WORK INSTRUCTION: Only the lines below from the one with "1998年8月,银行自动柜员机前排起的长队。" through the one with "喀麦隆由前法国托管区和英国托" are to be written out, exactly and without any images.

[Data records]
★ ★ ★ ★ ★

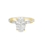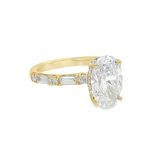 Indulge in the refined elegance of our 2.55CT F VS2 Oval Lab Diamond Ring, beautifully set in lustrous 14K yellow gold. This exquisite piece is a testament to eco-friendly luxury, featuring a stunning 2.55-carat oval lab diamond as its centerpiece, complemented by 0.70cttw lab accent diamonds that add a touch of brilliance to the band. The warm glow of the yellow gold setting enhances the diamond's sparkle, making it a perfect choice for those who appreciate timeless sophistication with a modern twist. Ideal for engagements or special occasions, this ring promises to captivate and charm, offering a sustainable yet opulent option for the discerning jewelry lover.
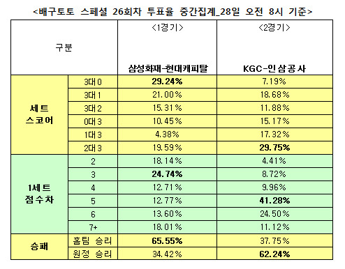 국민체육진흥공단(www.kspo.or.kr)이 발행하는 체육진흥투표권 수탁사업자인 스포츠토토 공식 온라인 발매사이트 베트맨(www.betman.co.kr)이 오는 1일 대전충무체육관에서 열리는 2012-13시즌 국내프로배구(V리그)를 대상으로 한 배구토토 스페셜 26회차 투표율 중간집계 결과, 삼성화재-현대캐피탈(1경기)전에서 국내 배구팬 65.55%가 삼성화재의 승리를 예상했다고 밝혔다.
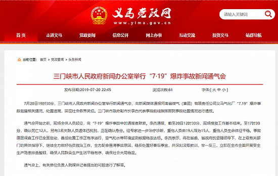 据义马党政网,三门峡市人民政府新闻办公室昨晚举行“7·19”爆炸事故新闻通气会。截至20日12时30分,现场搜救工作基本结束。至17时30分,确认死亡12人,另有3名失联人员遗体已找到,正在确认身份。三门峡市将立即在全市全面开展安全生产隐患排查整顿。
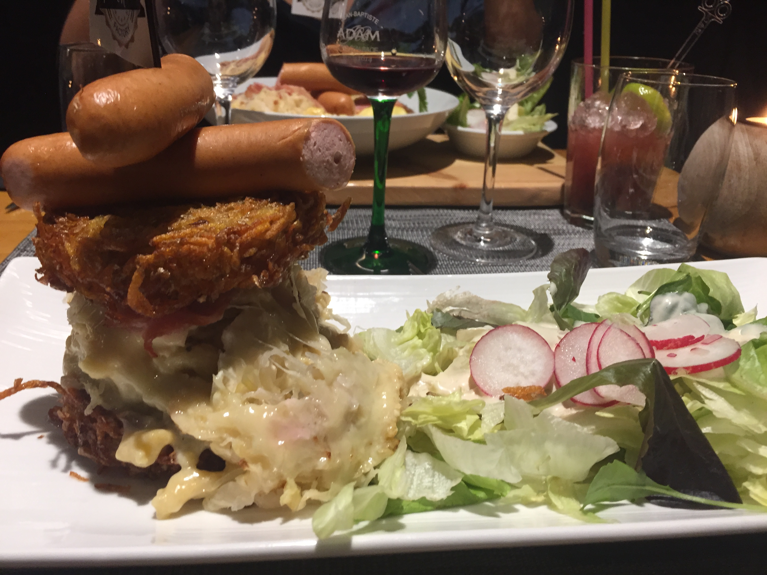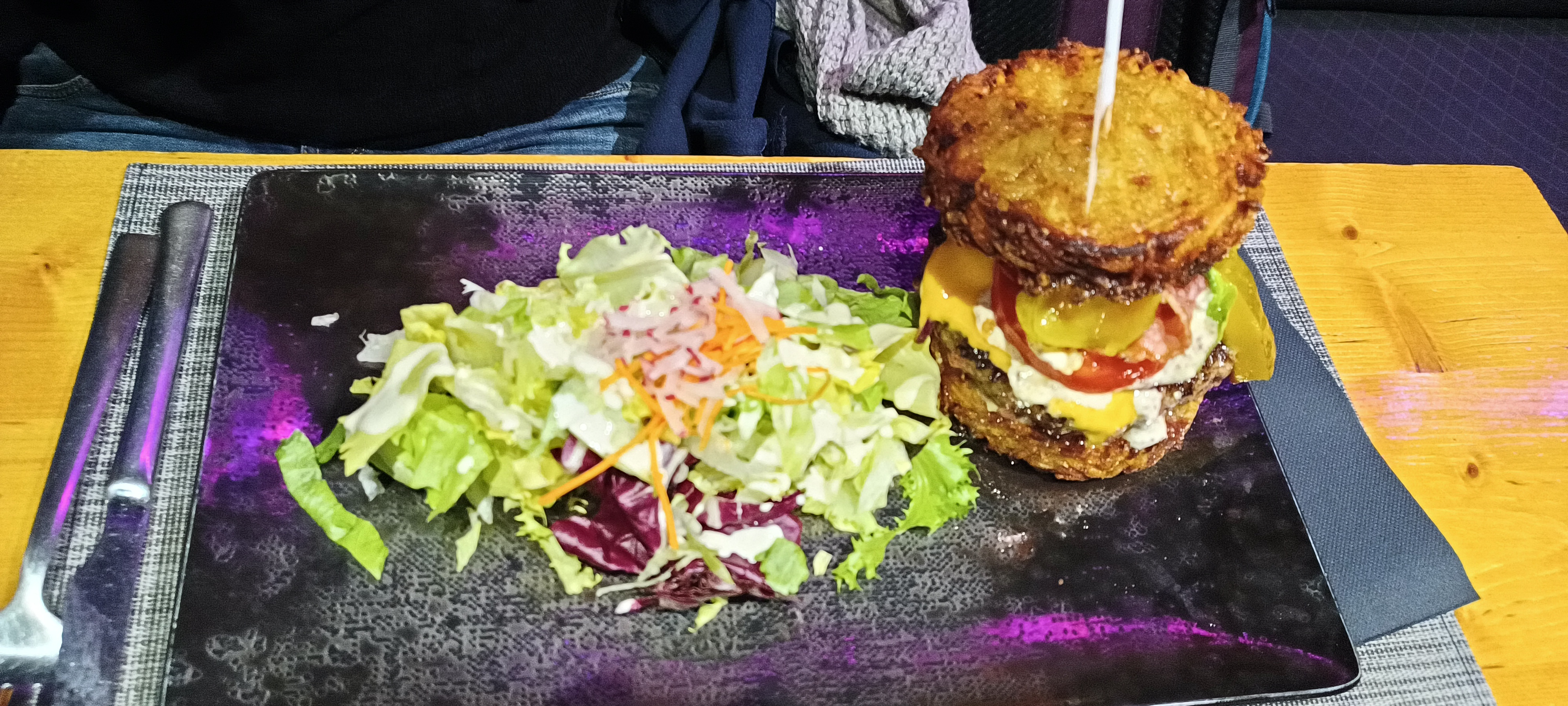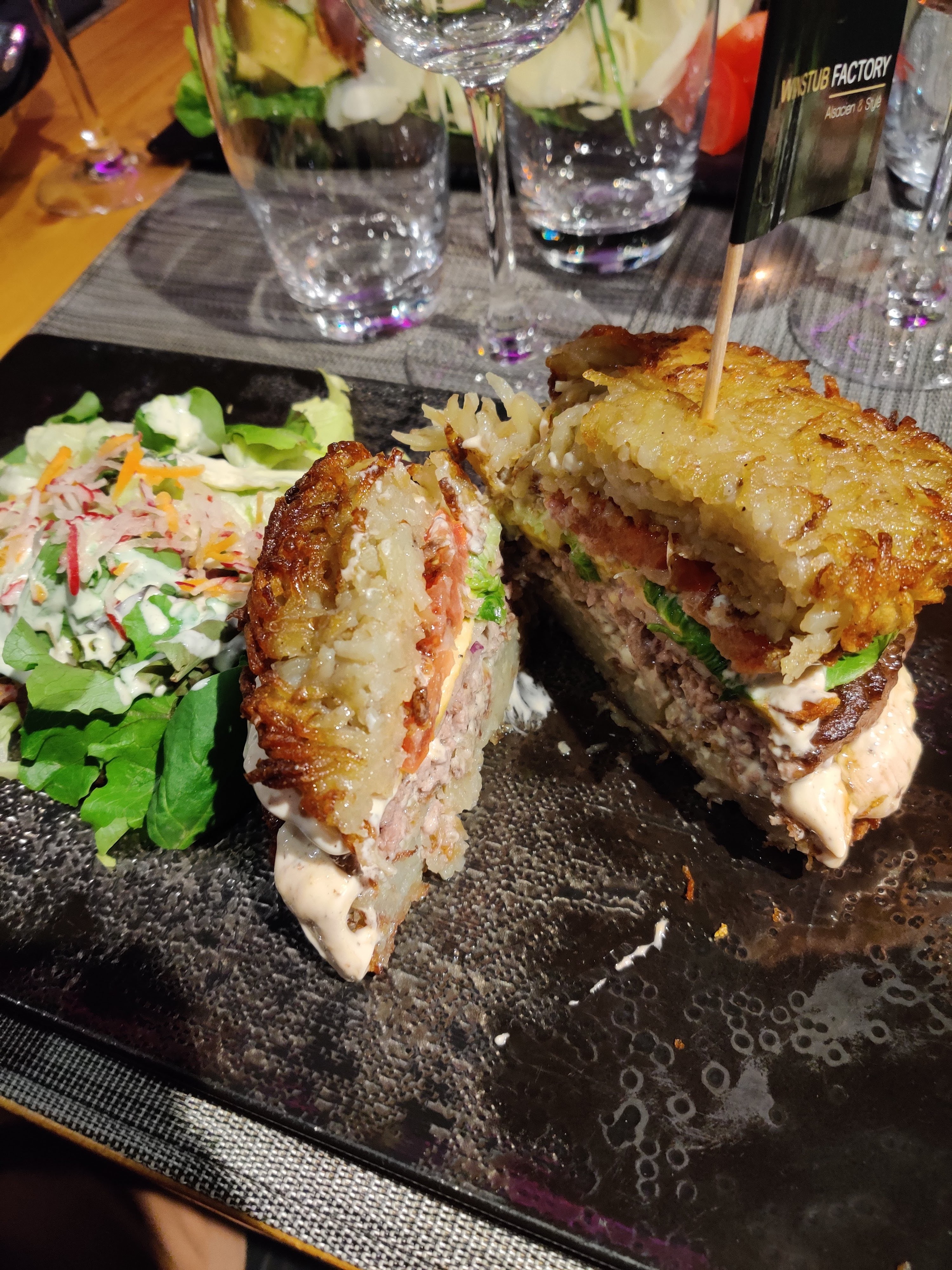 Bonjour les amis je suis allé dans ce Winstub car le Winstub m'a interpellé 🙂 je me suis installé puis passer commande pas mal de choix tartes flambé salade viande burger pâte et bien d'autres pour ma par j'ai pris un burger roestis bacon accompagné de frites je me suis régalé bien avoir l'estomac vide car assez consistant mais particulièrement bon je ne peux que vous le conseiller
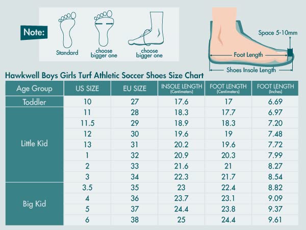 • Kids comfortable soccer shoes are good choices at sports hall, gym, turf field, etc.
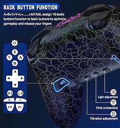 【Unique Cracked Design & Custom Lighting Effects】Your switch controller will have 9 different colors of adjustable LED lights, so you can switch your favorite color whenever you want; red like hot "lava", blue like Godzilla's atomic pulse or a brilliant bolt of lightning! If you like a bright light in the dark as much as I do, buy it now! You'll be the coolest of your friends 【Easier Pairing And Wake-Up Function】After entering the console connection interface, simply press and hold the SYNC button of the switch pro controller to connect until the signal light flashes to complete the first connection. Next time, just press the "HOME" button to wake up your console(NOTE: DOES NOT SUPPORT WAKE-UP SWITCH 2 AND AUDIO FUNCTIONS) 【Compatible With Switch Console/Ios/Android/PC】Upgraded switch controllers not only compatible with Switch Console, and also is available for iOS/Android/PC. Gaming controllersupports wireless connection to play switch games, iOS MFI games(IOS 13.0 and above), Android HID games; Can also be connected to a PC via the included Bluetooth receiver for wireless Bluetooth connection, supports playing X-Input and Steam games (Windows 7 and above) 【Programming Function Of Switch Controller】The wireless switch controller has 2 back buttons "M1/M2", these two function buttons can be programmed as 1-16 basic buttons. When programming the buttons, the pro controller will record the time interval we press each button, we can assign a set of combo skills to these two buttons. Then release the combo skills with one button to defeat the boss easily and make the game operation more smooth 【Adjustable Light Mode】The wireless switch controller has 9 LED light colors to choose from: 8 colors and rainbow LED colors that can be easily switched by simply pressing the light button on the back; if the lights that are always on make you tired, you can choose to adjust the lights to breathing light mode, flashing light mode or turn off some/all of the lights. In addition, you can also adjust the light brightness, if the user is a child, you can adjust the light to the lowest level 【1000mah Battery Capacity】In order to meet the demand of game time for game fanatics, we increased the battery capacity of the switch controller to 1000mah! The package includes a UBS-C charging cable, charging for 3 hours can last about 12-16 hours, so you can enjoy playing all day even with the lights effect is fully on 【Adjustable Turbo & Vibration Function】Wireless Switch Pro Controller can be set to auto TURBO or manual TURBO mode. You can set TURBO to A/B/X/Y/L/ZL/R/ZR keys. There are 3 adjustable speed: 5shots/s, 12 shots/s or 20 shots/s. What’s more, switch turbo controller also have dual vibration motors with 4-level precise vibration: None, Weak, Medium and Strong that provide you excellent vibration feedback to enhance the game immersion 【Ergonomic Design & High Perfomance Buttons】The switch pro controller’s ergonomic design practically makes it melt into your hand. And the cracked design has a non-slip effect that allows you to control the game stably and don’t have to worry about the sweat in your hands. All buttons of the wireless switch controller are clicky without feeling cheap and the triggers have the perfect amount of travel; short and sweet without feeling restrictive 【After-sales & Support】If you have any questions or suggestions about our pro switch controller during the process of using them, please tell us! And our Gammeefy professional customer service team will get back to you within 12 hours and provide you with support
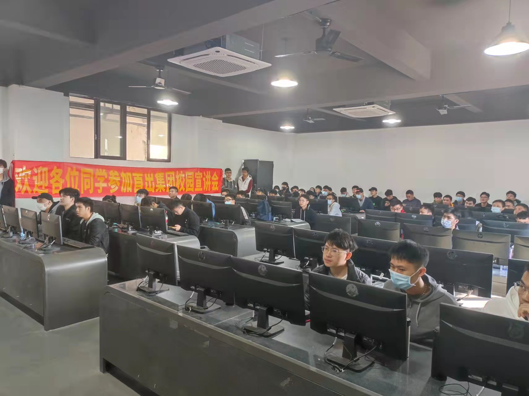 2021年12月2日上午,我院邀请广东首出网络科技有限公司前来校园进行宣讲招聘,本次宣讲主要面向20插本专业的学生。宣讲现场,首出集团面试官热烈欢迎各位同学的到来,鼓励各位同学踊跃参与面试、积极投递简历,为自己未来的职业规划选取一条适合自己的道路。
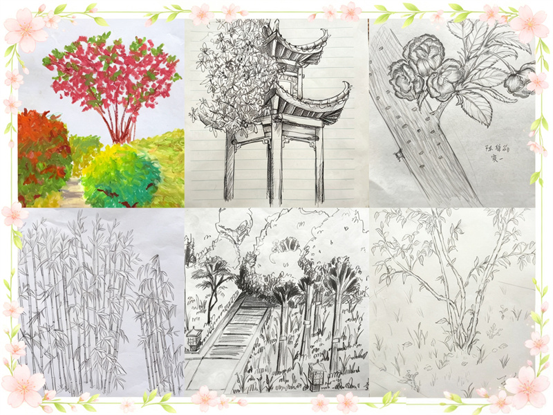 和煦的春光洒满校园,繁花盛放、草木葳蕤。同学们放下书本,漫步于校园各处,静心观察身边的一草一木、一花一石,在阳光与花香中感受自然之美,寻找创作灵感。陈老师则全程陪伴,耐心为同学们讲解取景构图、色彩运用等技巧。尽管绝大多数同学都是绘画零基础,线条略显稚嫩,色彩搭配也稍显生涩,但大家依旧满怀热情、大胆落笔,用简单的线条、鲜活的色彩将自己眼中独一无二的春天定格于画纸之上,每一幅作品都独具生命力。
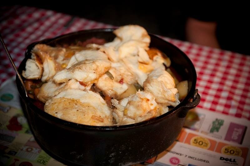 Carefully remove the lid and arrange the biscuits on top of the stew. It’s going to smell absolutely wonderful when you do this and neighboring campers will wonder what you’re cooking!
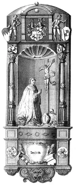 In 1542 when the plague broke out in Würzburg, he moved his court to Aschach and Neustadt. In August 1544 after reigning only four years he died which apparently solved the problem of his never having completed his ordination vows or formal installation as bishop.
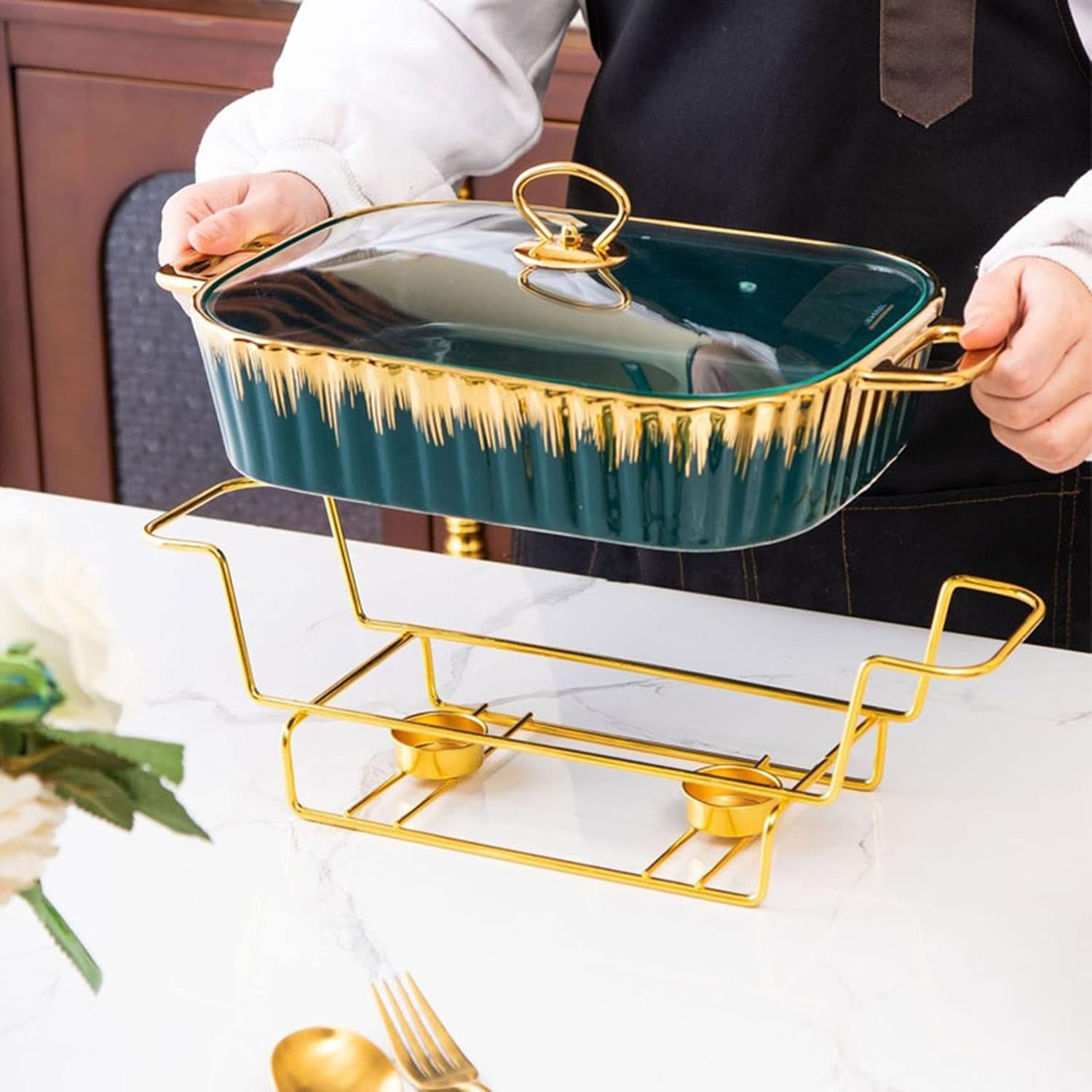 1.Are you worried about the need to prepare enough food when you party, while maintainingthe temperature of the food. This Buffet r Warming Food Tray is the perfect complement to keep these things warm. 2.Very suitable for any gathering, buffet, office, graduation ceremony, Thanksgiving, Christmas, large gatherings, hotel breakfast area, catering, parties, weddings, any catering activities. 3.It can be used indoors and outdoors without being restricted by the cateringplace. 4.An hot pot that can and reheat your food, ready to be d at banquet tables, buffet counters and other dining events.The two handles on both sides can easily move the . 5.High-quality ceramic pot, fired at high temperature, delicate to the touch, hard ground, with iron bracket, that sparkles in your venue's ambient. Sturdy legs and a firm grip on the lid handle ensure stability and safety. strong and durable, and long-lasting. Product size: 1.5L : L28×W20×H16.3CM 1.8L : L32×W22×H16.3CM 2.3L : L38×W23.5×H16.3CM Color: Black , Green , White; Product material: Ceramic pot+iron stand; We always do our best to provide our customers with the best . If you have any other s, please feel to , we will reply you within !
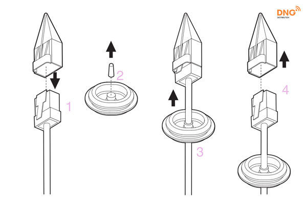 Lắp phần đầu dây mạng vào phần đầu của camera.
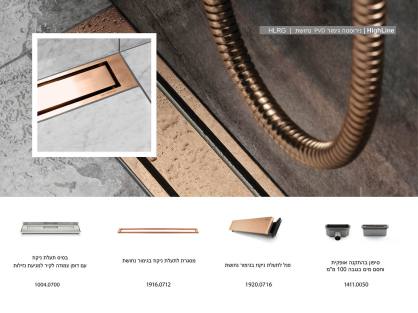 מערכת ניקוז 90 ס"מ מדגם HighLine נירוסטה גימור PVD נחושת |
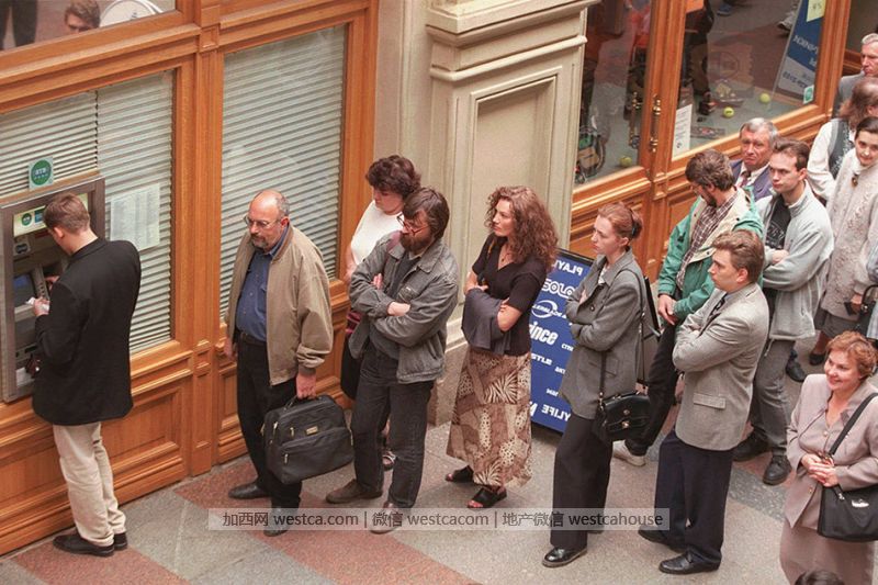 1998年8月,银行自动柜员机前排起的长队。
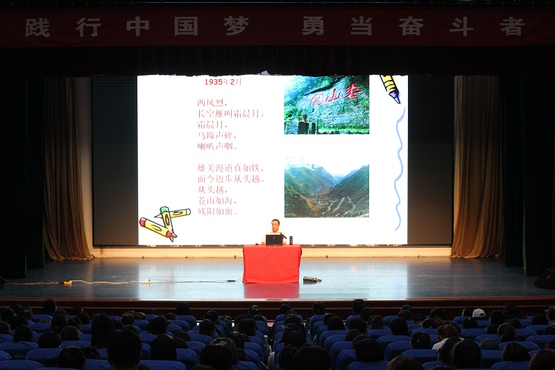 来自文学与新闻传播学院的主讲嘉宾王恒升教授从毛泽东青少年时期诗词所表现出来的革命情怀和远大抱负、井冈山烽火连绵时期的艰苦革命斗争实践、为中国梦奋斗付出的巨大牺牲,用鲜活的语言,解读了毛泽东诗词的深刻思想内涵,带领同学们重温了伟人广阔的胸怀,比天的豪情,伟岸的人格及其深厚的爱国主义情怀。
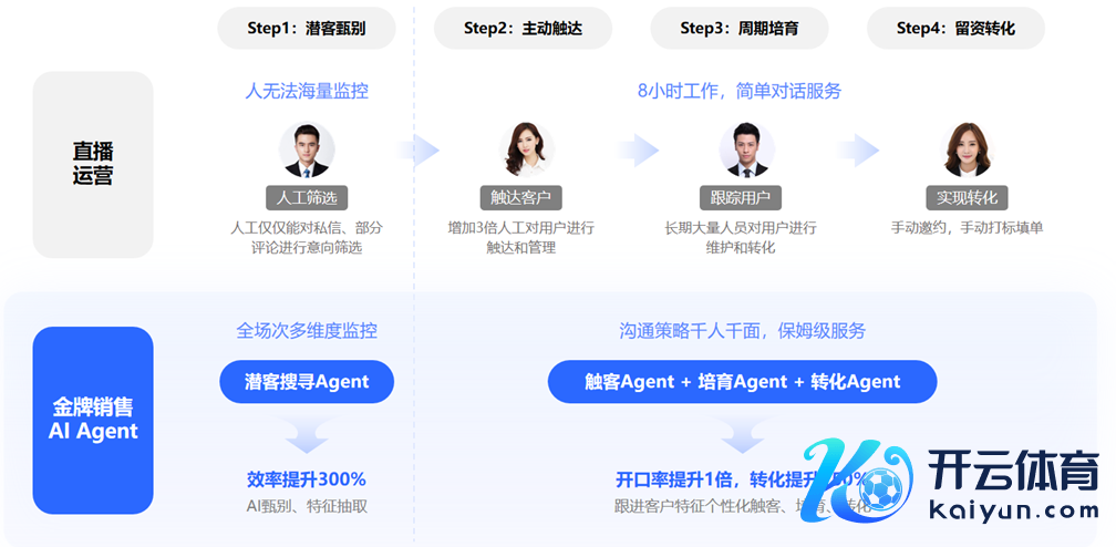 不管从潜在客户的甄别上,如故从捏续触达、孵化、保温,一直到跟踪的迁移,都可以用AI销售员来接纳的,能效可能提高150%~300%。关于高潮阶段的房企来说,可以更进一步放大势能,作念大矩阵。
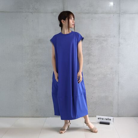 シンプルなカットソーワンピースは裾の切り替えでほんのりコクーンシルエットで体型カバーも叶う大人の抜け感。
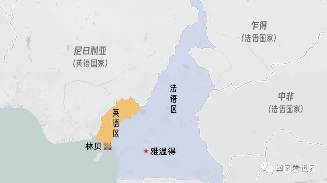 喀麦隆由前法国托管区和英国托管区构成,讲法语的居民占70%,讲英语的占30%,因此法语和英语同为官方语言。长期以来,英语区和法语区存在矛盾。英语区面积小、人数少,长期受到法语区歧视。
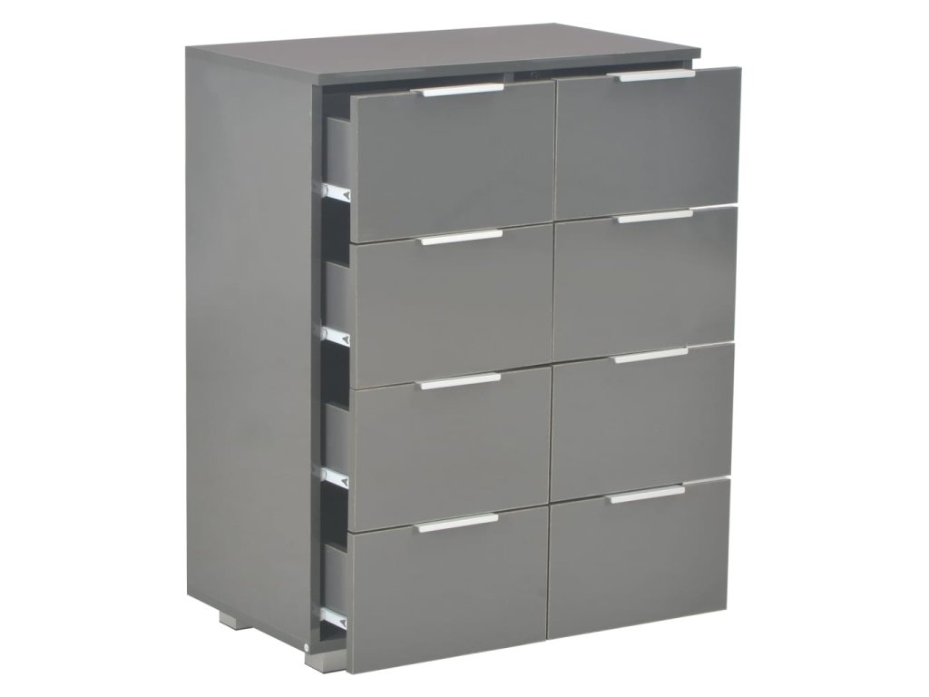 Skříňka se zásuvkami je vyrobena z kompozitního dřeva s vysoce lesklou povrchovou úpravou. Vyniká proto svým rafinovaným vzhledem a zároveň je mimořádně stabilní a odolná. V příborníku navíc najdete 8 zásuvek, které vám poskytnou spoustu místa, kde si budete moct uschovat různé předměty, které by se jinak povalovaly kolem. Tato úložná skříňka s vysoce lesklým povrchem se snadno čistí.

★ ★ ★ ★ ★

ANSWER TO THIS EXERCISE:
 1998年8月,银行自动柜员机前排起的长队。
 来自文学与新闻传播学院的主讲嘉宾王恒升教授从毛泽东青少年时期诗词所表现出来的革命情怀和远大抱负、井冈山烽火连绵时期的艰苦革命斗争实践、为中国梦奋斗付出的巨大牺牲,用鲜活的语言,解读了毛泽东诗词的深刻思想内涵,带领同学们重温了伟人广阔的胸怀,比天的豪情,伟岸的人格及其深厚的爱国主义情怀。
 不管从潜在客户的甄别上,如故从捏续触达、孵化、保温,一直到跟踪的迁移,都可以用AI销售员来接纳的,能效可能提高150%~300%。关于高潮阶段的房企来说,可以更进一步放大势能,作念大矩阵。
 シンプルなカットソーワンピースは裾の切り替えでほんのりコクーンシルエットで体型カバーも叶う大人の抜け感。
 喀麦隆由前法国托管区和英国托管区构成,讲法语的居民占70%,讲英语的占30%,因此法语和英语同为官方语言。长期以来,英语区和法语区存在矛盾。英语区面积小、人数少,长期受到法语区歧视。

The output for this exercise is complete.